──────── Input records

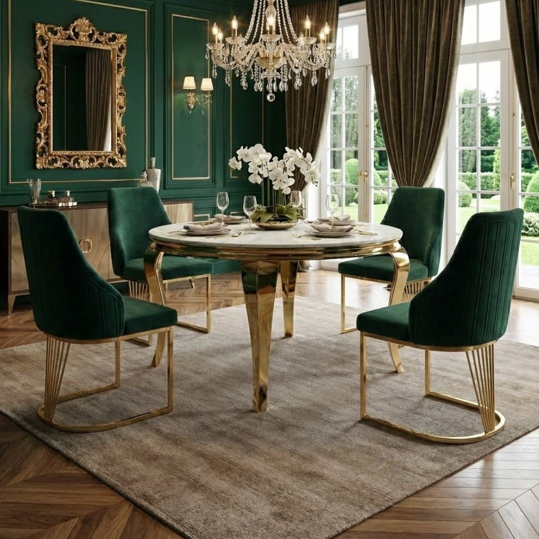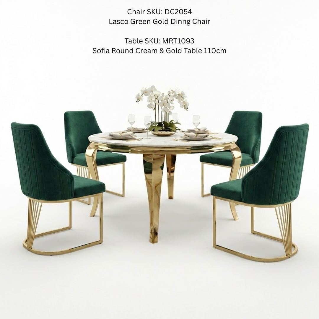 Transform your dining room into a sanctuary of modern luxury with the Sofia 150cm Cream & Gold Marble Dining Table and Lasco Green Gold Dining Chairs. This stunning 5-piece set is the ultimate statement in boutique-hotel glamour, combining high-end natural textures with contemporary gold accents.
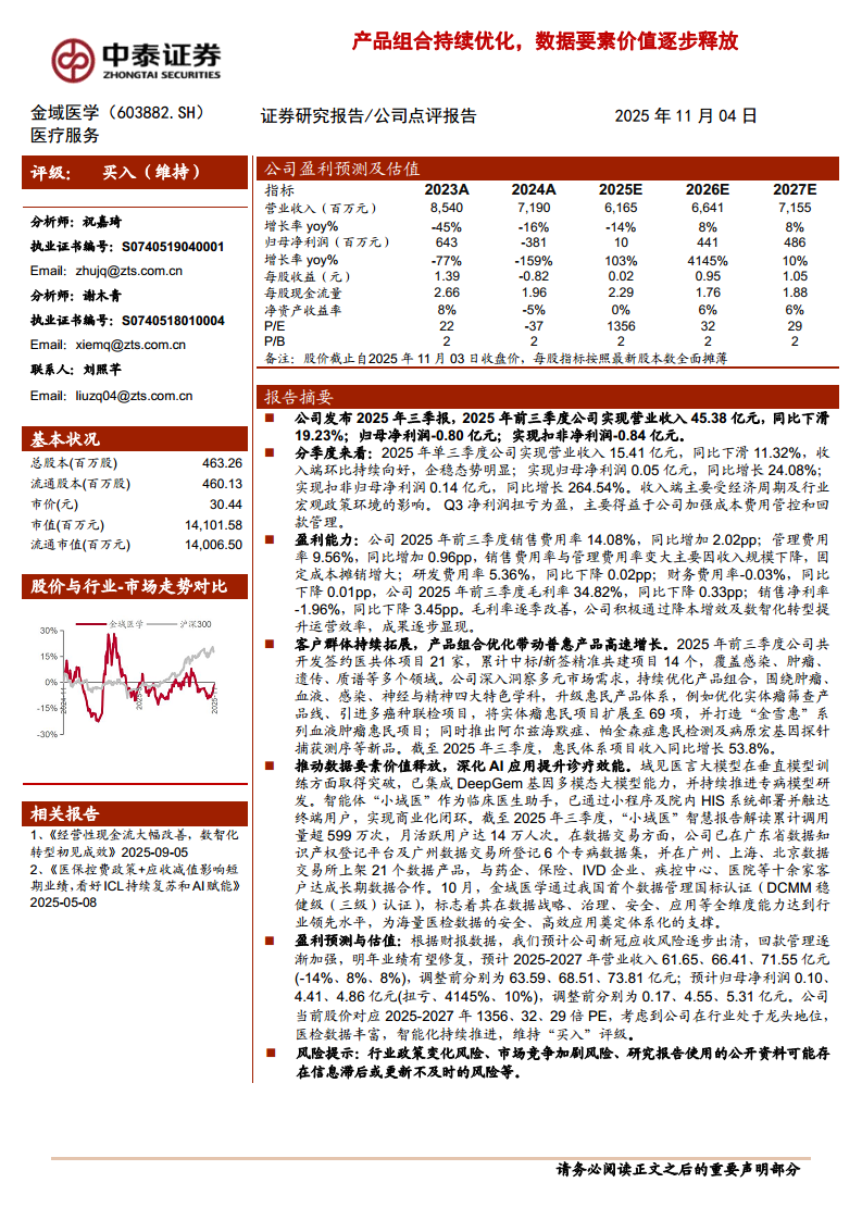 金域医学(603882):产品组合持续优化,数据要素价值逐步释放
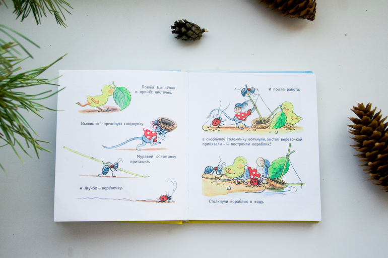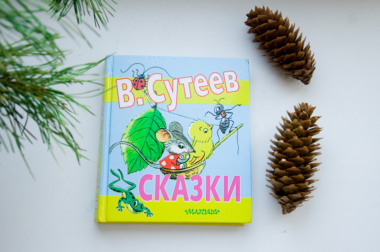 Сказки В.Сутеева (АСТ, 2013) тоже обязательное явление в любой семье, где растет маленький ребенок. У нас книжка небольшого формата, простенькая, зато удобная, без труда помещается везде. Была с нами и в самолете, и на пляже. Все бока покусаны от горячей любви. Не советовала бы брать большеформатные и толстые издания с Сутеевым. «Кирпич» малышам сложно читать, сами взять книгу они не могут, да и однообразность рисунков скоро надоедает.
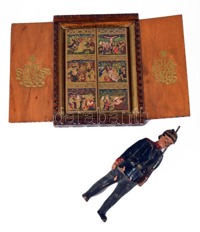 Modern ikon dísztárgy + Antik katona figura m: 11 cm
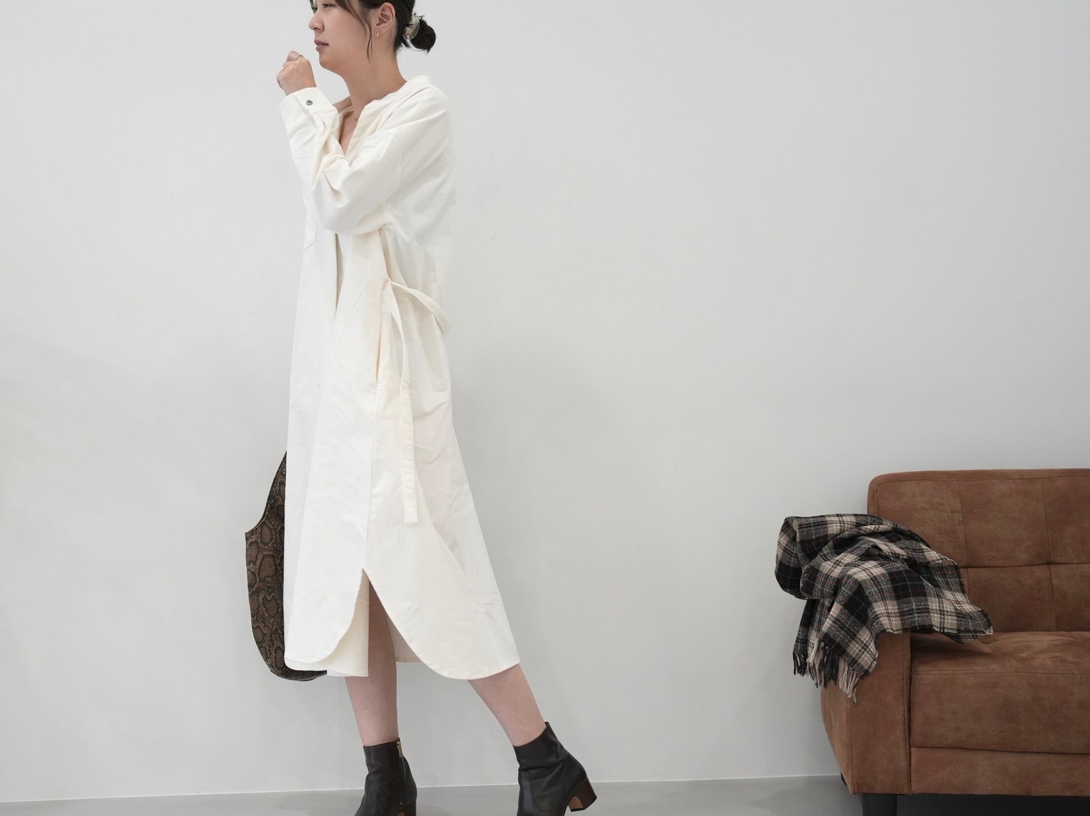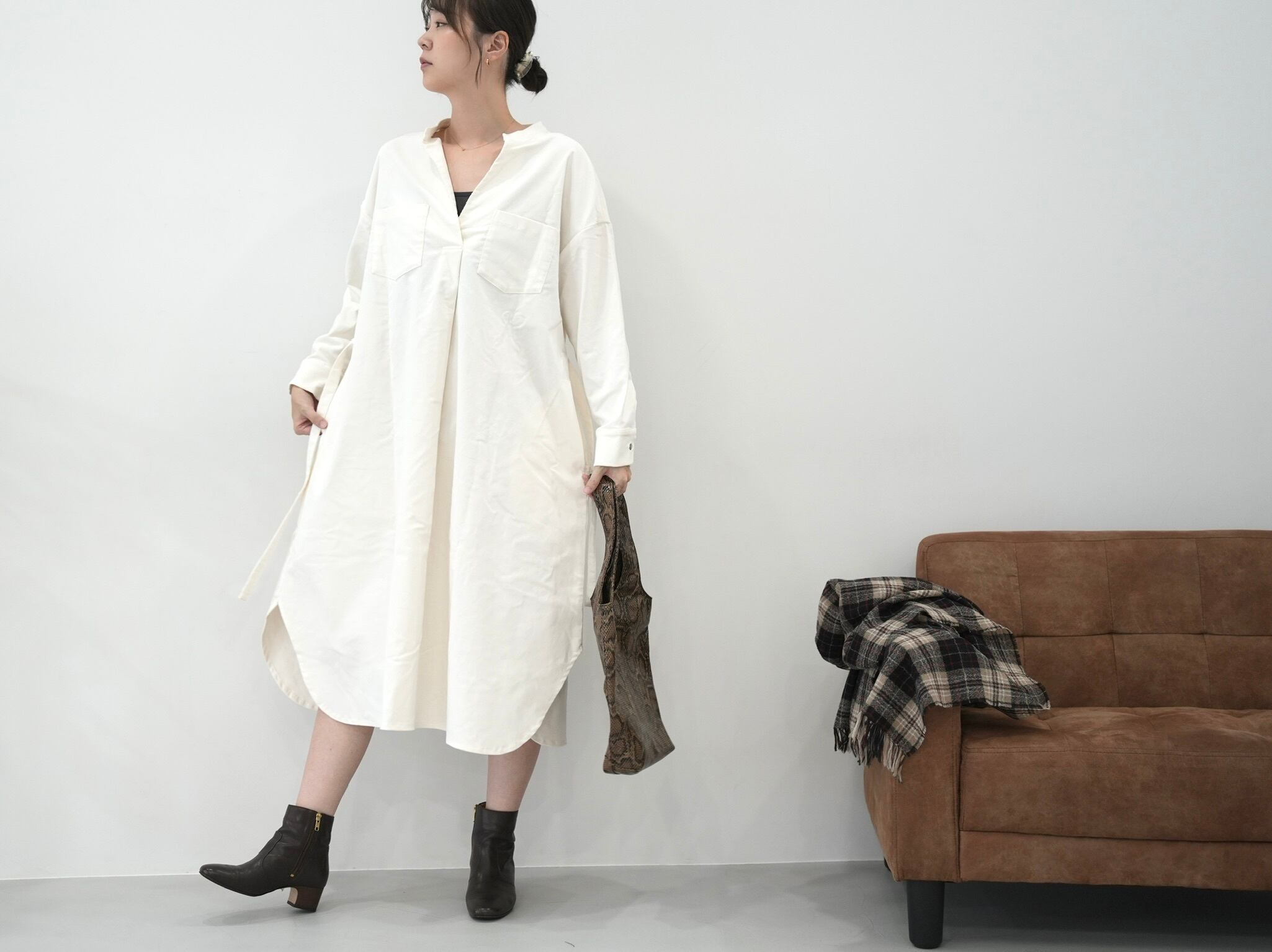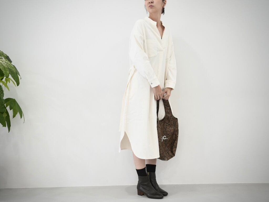 コットン100%の細うねコーデュロイを使用した、上品なホワイトワンピースです。

────────────────

Prompt — Reproduce the complete set of records verbatim and omit the pictures.

Output below —
 Transform your dining room into a sanctuary of modern luxury with the Sofia 150cm Cream & Gold Marble Dining Table and Lasco Green Gold Dining Chairs. This stunning 5-piece set is the ultimate statement in boutique-hotel glamour, combining high-end natural textures with contemporary gold accents.
 金域医学(603882):产品组合持续优化,数据要素价值逐步释放
 Сказки В.Сутеева (АСТ, 2013) тоже обязательное явление в любой семье, где растет маленький ребенок. У нас книжка небольшого формата, простенькая, зато удобная, без труда помещается везде. Была с нами и в самолете, и на пляже. Все бока покусаны от горячей любви. Не советовала бы брать большеформатные и толстые издания с Сутеевым. «Кирпич» малышам сложно читать, сами взять книгу они не могут, да и однообразность рисунков скоро надоедает.
 Modern ikon dísztárgy + Antik katona figura m: 11 cm
 コットン100%の細うねコーデュロイを使用した、上品なホワイトワンピースです。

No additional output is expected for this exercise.